**PROVIDED MATERIAL:**
⟨

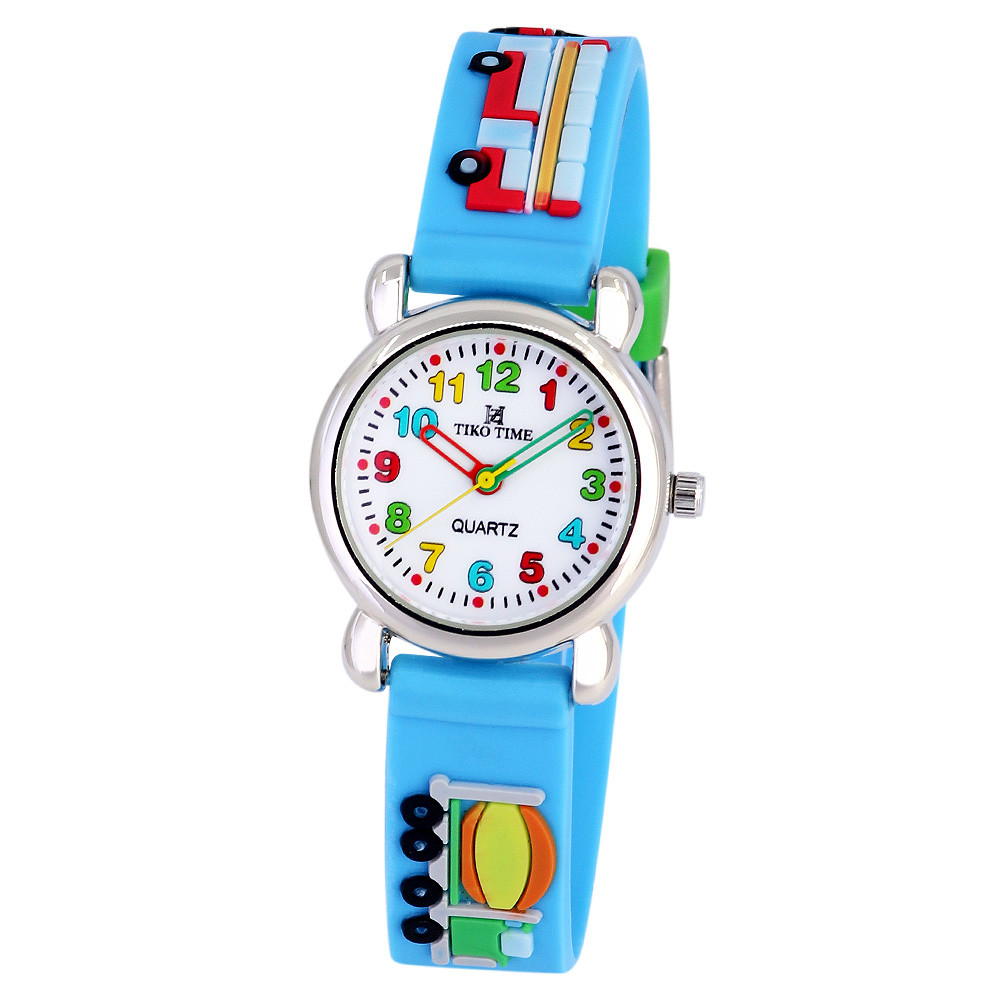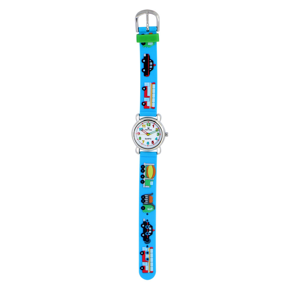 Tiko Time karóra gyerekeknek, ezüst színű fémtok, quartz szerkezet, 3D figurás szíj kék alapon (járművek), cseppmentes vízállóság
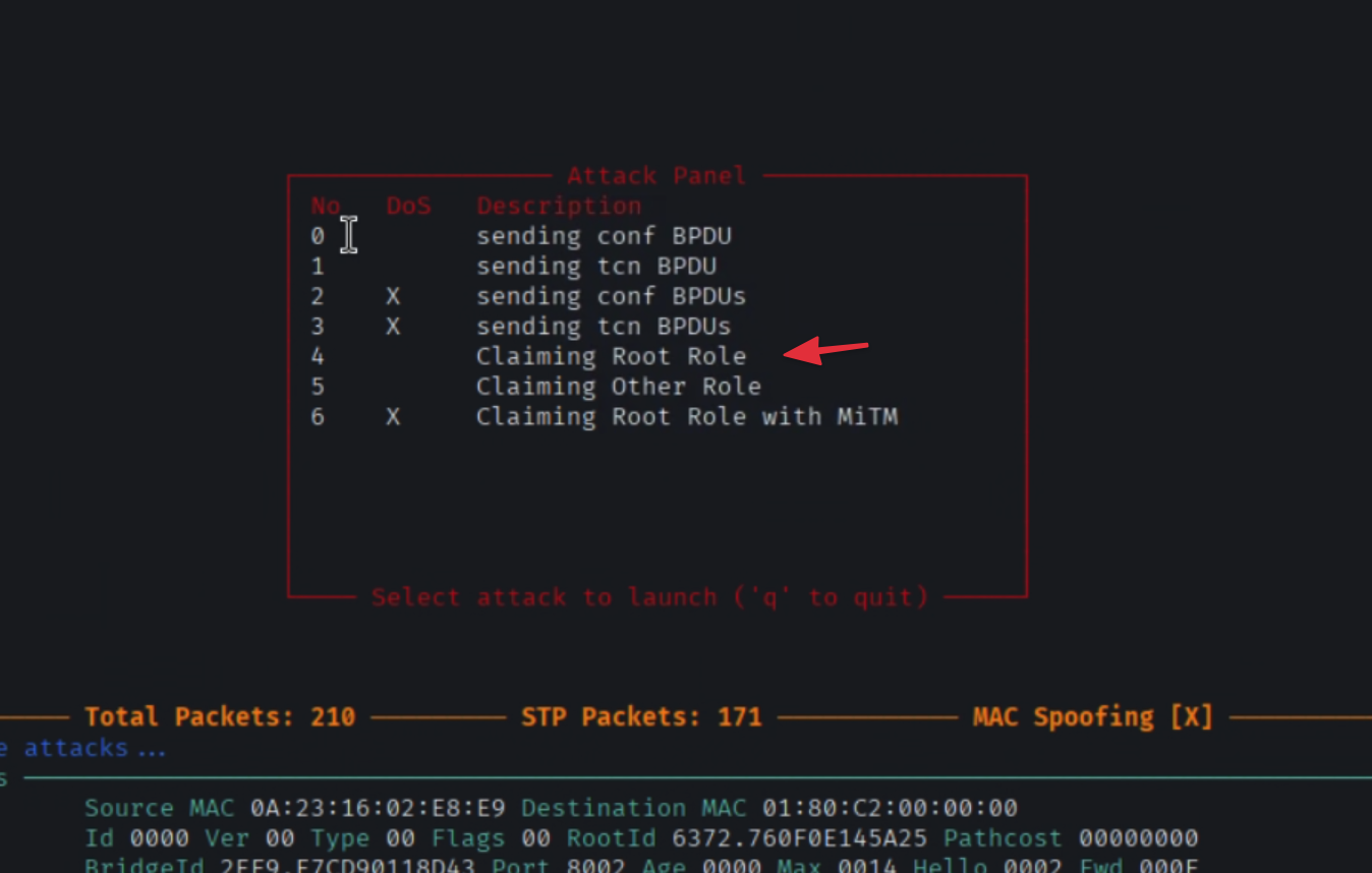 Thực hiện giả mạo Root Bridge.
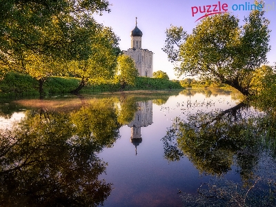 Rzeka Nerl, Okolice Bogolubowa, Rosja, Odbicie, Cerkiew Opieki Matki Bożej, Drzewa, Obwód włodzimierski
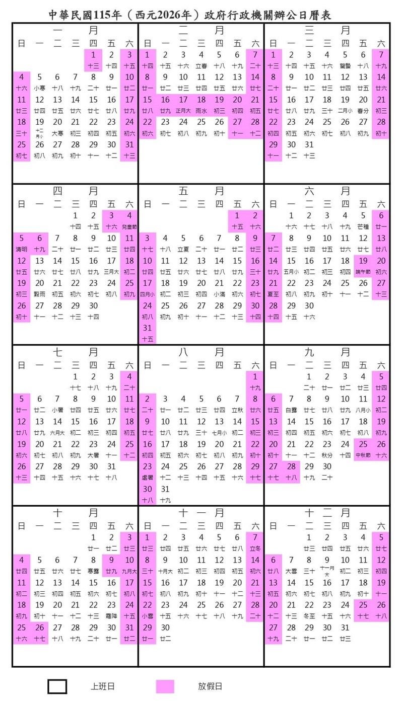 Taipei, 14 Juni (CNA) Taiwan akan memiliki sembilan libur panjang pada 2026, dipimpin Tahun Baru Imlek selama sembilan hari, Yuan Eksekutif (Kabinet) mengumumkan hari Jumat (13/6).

⟩

**WORK ITEM:**
Nothing but the lines from the start of the listing through the line with "Rzeka Nerl, Okolice" belongs in the answer, each one retyped exactly and without pictures.

**SOLUTION TO THIS TASK:**
 Tiko Time karóra gyerekeknek, ezüst színű fémtok, quartz szerkezet, 3D figurás szíj kék alapon (járművek), cseppmentes vízállóság
 Thực hiện giả mạo Root Bridge.
 Rzeka Nerl, Okolice Bogolubowa, Rosja, Odbicie, Cerkiew Opieki Matki Bożej, Drzewa, Obwód włodzimierski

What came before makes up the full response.